Debt limit standoff deepens: US faces critical June 15 payment deadline

Credit rating agency Moody’s on Thursday said that the US must make its mid-June interest payments to preserve its highest investment grade rating at AAA grade.

“That’s a really important date for us,” William Foster, a senior vice president at Moody’s told Bloomberg, referring to the June 15 debt payment due date. But Foster emphasised that Moody’s does expect the White House and the US Congress to strike a deal to raise or suspend the debt limit.

Any downgrade in the credit ratings of sovereign debt will not just harm investor confidence but also reduce the United States’ ability to attract capital for fueling economic growth. 

However, Moody’s warning is not good news for the world’s largest economy, where negotiations for a debt limit deal shows no clear progress. If a deal is not reached by the end of this month, the United States will start running out of funds to pay for its obligations. 

About $2 billion in interest payments are due to the the US treasury on June 15. However, US Treasury Secretary Janet Yellen has said that the odds of reaching June 15th, while being able to pay all of our bills, is quite low.

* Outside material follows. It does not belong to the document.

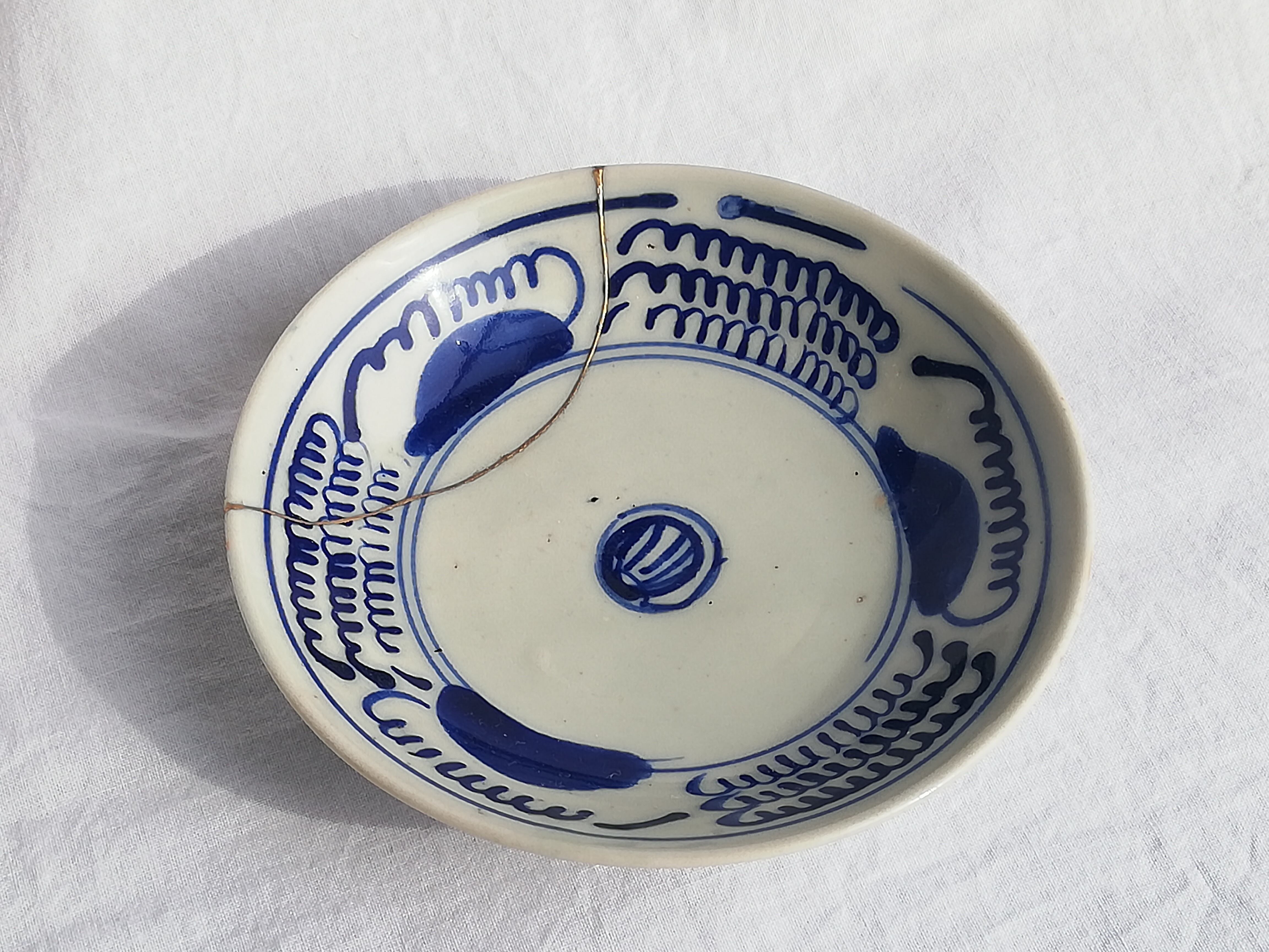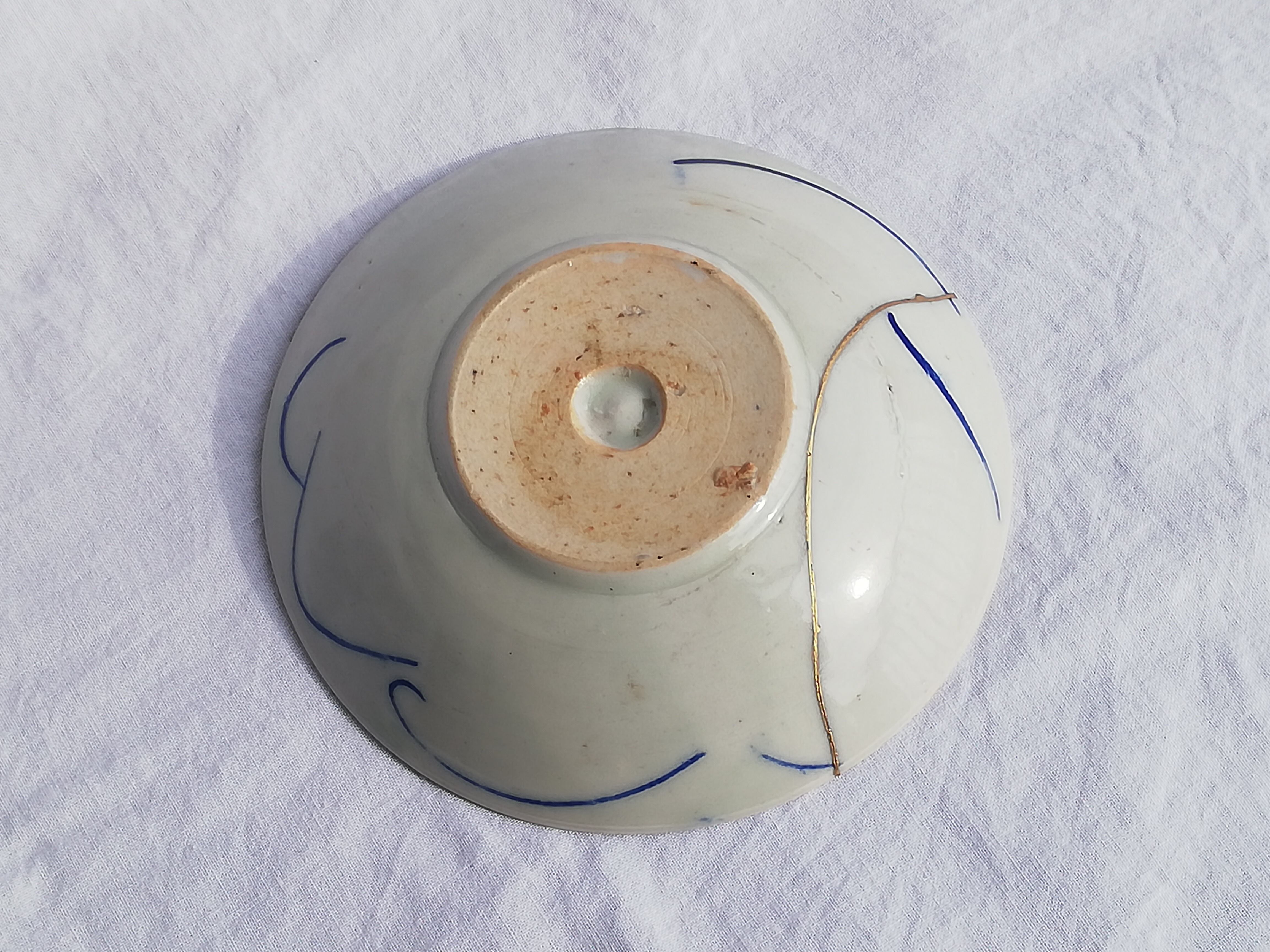 染付の骨董のお皿を洋金粉で金継ぎしました。

Moody’s reminder comes just days after another credit rating agency Fitch warned of a potential downgrade of United States’ sovereign debt if a deal is not sealed by May-end. 

Debt limit deadlock continues

One of the top negotiators has claimed that Republican and White House disagreements are narrowing over extending the US debt ceiling. But the negotiator added that they have still not achieved a deal to prevent a looming default.

Another Republican leader, Kevin Mccarthy, told reporters that the teams have made “some progress” towards a deal. “I don’t think everybody is going to be happy at the end of the day. That’s not how this system works,” Mccarthy said.  

While the White House and the US Treasury believe that Fitch’s warning underscored the urgency of reaching a speedy resolution to the standoff, Mccarthy has argued that negotiators do not need credit ratings agency to remind them of the importance of concluding a deal.

With June 1 just a week away, any deal will need speedy action in both chambers of the US Congress to reach president Joe Biden’s desk in time.